# Raw nose fix?



## JadeVix54 (Feb 20, 2009)

I've just gotten over being sick, so my nose is all red and raw. So now it's flaky looking what can I do?! I have a Sorority Event tonight!! AH!


----------



## Dragonfly (Feb 20, 2009)

Try a lip balm or poly sporin in and around the nostrils. Aquaphor might work too.
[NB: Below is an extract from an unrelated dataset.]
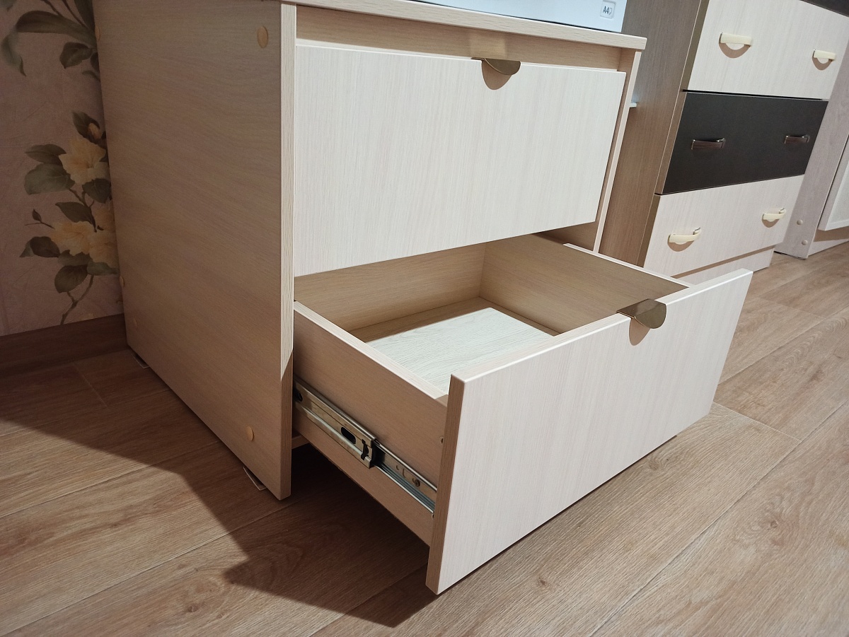 Делаю заказ уже не первый раз. Тумба мне понравилась дизайном и она подходила мне для того, чтобы разместить на ней копировальный аппарат. Мне нравится делать заказ в данной организации, потому что можно выбрать размер, который необходим мне, цвет, фарнитуру, кромку и т.д. Вот и с тумбой получилось. Из-за того, что я сделал заказ большого размера, то мне позвонили и предложили сделать вместо одного ящика, два. Так один бы был очень громоздким и тяжёлым, при этом стоимость увеличилась только на стоимость направляющих. Так что, у них правильный подход к изготовлению. Доставка тоже удобная. Звонят заранее и можно договориться о времени. Для сборки изделия есть подробная инструкция. Так что, собирал самостоятельно, без проблем. Рекомендую заказывать у них мебель. Отзыв оставляю с чистым сердцем и правдивый!

Don't use any balm that has an added taste or scent - these are irritants that might make things worse.


----------



## HairEgo (Feb 21, 2009)

Vasaline!


----------



## Bec688 (Feb 21, 2009)

I use lucas paw paw ointment arounsd my nose when this happens. It's sothing and will help it heal as well.


----------



## Aniger86 (Feb 22, 2009)

Your event is probably over by now I guess, but if your nose still bothers you, just try some moisturizer on it and don't touch it unnecessarily and re-apply if you feel your nose drying up or flaking again.


----------



## Fataliya (Feb 22, 2009)

If you have a baby, use some diaper rash ointment slathered on before you go to sleep, and let it soak in overnight. Otherwise, do the same, but with Chapstick Naturals instead. It's got a bunch of butters in it and feels great.


----------



## magosienne (Feb 22, 2009)

Vaseline, shea butter, unscented lipbalm work nicely




And try not to touch your nose and reapply if you blow it.


----------



## Asha* (Feb 22, 2009)

I would have to second on lipbalm and shea butter. Both work great, just make sure you don't rub it away.


----------